Todos os anos, durante uma semana, em julho, a imagem da Virgem do Carmo deixa a igrejinha do povoado de Tirana, com seus 800 habitantes no norte do Chile, e vai às ruas para ser homenageada por mais de 250 grupos que dançam dia e noite.

Vestidos com roupas um tanto pagãs, que chegam a lembrar as suntuosas fantasias do carnaval carioca, alguns grupos se inspiram em tradições incas, outros em vestimentas chinesas. Há também os índios, alguns como apaches, os “chunchos”, de tradição boliviana, e as “diabladas”, baseadas em homenagens a deuses nada católicos. Se o álcool não fosse proibido, seria uma grande farra. Afinal, mais de 300 mil pessoas passam por Tirana nessa semana.

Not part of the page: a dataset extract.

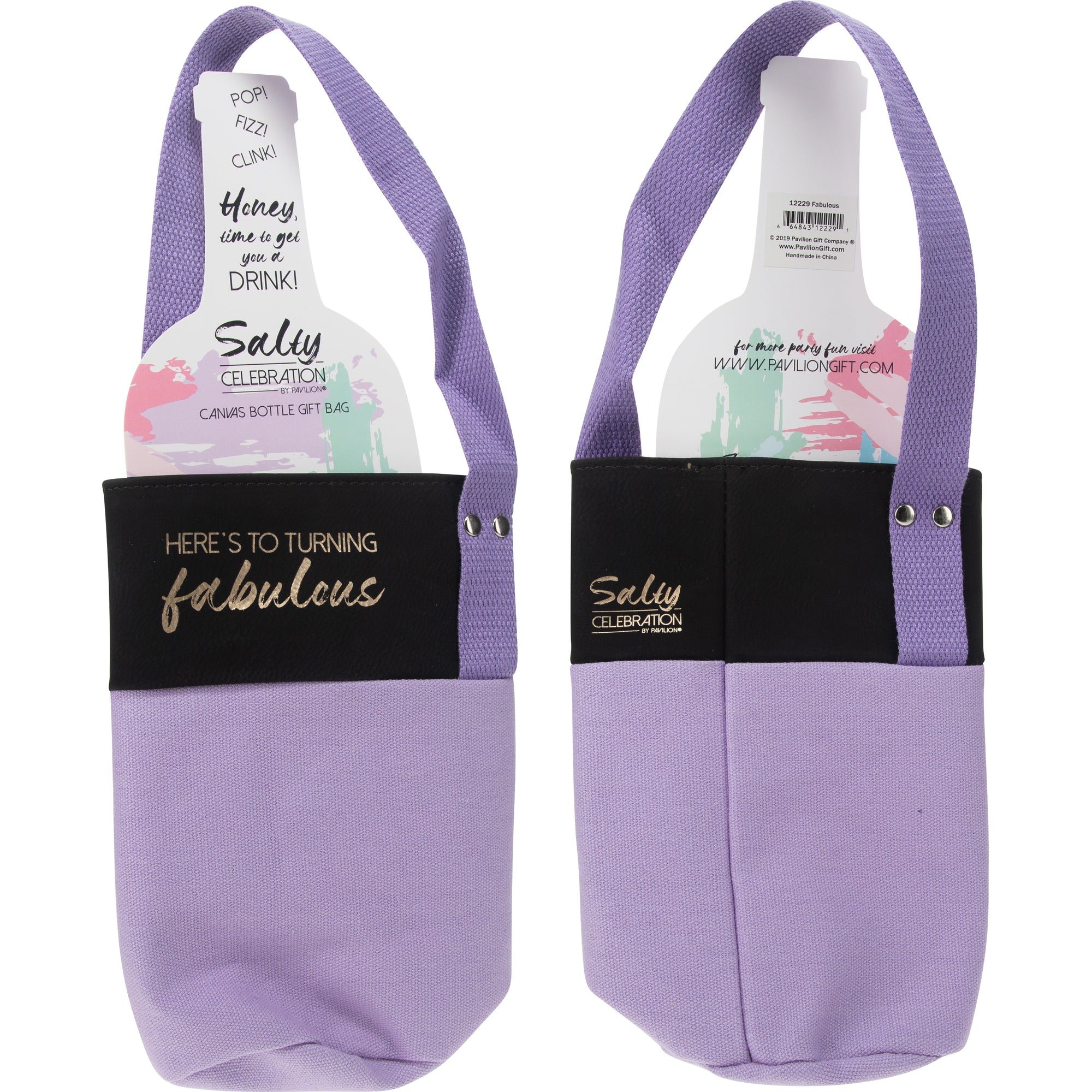 - IN-HOUSE DESIGN: "Here's To Turning Fabulous" text is laser-printed onto the front of the bottle bag.

“É uma festa que se atualiza todos os anos, não se trata de algo estático, mas uma composição de muitos textos sobrepostos”, explica o sociólogo Bernardo Guerrero, diretor da Fundação CREAR, em Iquique, a maior cidade do chamado Norte Grande, onde também se localiza Tirana.

Guerrero falou a um grupo de 35 artistas, curadores e acadêmicos que participaram do projeto Gestionar desde la Geografia – Nuevos Desplazamientos, organizado pelo curador chileno Rodolfo Andaur, em julho passado. Assim como a santa que se desloca do altar para ativar a cidade, o projeto de Andaur objetiva produzir conhecimento no deslocamento pela região do deserto do Tarapacá, o Norte Grande.

Contudo, trata-se de uma viagem antiturística, já que os locais visitados pelo grupo estão totalmente fora de qualquer guia tipo Lonely Planet: valas de cemitérios onde Pinochet despejou presos assassinados, hospitais abandonados, cidades-fantasmas, lixões.

A região de Tarapacá tem características muito particulares. Em um raio de dois mil quilômetros não há escolas de arte, tampouco galerias comerciais e museus de arte contemporânea. Essa foi uma região de muito dinheiro durante a exploração de salitre – um fertilizante poderoso retirado do deserto. Um dos momentos dramáticos dessa história ocorreu em dezembro de 1907, quando cerca de dois mil mineiros e suas famílias foram brutalmente assassinados na escola Santa Maria, em Iquique, quando protestavam por melhores condições de trabalho. O episódio virou tema da canção Cantata de Santa María de Iquique, do músico chileno Luis Avis, interpretada pelo grupo Quilapayún.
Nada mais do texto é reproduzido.